US academic Gary Hufbauer adds that sanctions enable Western governments to demonstrate that they are capable of taking action, and predicts sanctions will “remain an indispensable tool of diplomacy.” However, he is contradicted by his own figures. When he and his team examined more than 200 cases of economic penalties, they found that they were ineffective more than two-thirds of the time.
Mr. Seliger concurs with this. “The problem is that the sanctions have had very little effect so far. And even if they did work, they would mainly be felt by the urban population, but not the elites,” he says.
Vienna economics professor Rüdiger Frank, one of the preeminent experts on Kim, believes that change through the market economy should be encouraged instead. “The West’s penalties are well-founded and justified,” says Mr. Frank, “but their effect is completely wrong.” Instead of prohibiting trade, the West should be part of the development of product chains. He hopes that this can bring a new way of thinking to North Korea.
“The West's penalties are well-founded and justified, but their effect is completely wrong.”
Mr. Seliger is also pro-development. But with political initiatives now almost impossible, he has shifted his attention to environmental projects. This is a subject close to Kim’s heart: The dictator has declared a “great struggle” to reforest areas that have been cleared in his country.
Since the declaration, Mr. Seliger and his staff, who have an annual budget of €500,000, have developed environmental programs, invited North Korean forestry experts to Germany to attend seminars at a forestry academy and conducted joint trips to the demilitarized border zone between the Koreas to observe migratory birds.
Mr. Seliger’s idea is to deliberately target researchers and mid-level officials, who are not under particularly strict observation. He has also learned the small tricks of dictator diplomacy. For instance, North Koreans are not permitted to accept direct invitations to South Korea, so the foundation invites the two sides to attend “international conferences” on neutral ground. Of course, he realizes it isn’t possible to fully win over North Koreans in just a few weeks. But he hopes he can at least introduce doubts over whether their worldview is the only correct one.
North Korea itself is making progress in this respect. Partly thanks to Mr. Seliger’s efforts, the country is part of the Paris Climate Accord, as well as being involved in a number of Asian and international environmental and species protection programs. “They are willing to engage in international cooperation,” he says, “and they will be part of the international debate.”

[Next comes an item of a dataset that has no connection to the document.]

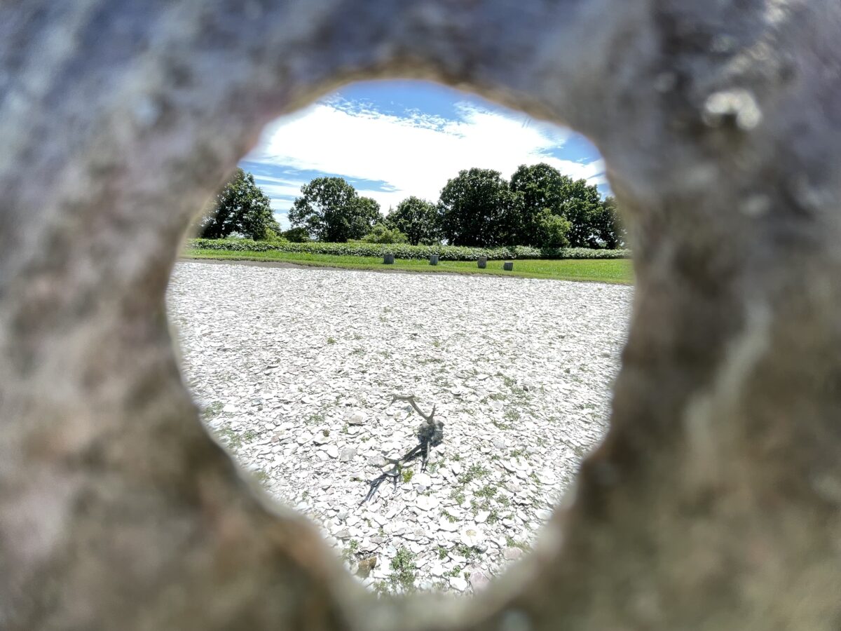 高い2本の木がキウス周堤墓の年月の経過を表しており、そこを歩く子供たちが印象的で撮影しました。

In a sense, environmental protection is Mr. Seliger’s Trojan horse, to bring ideas about the West and freedom to the North Koreans. Whether he will succeed is questionable. He has already received subtle warnings, and not just from German officials. Sometimes his activities go too far for the international community, too. It fears that cooperating too closely with Pyongyang sends the wrong message. After all, the United Nations wants to isolate the rogue state.
So is it right to offer a helping hand to a rogue regime? “Of course, I too sometimes doubt whether we are doing the right thing,” says Mr. Seliger. Still, he adds, Germans of all people should know what dialogue and patience can achieve. “Years ago, no one saw German reunification coming, either.”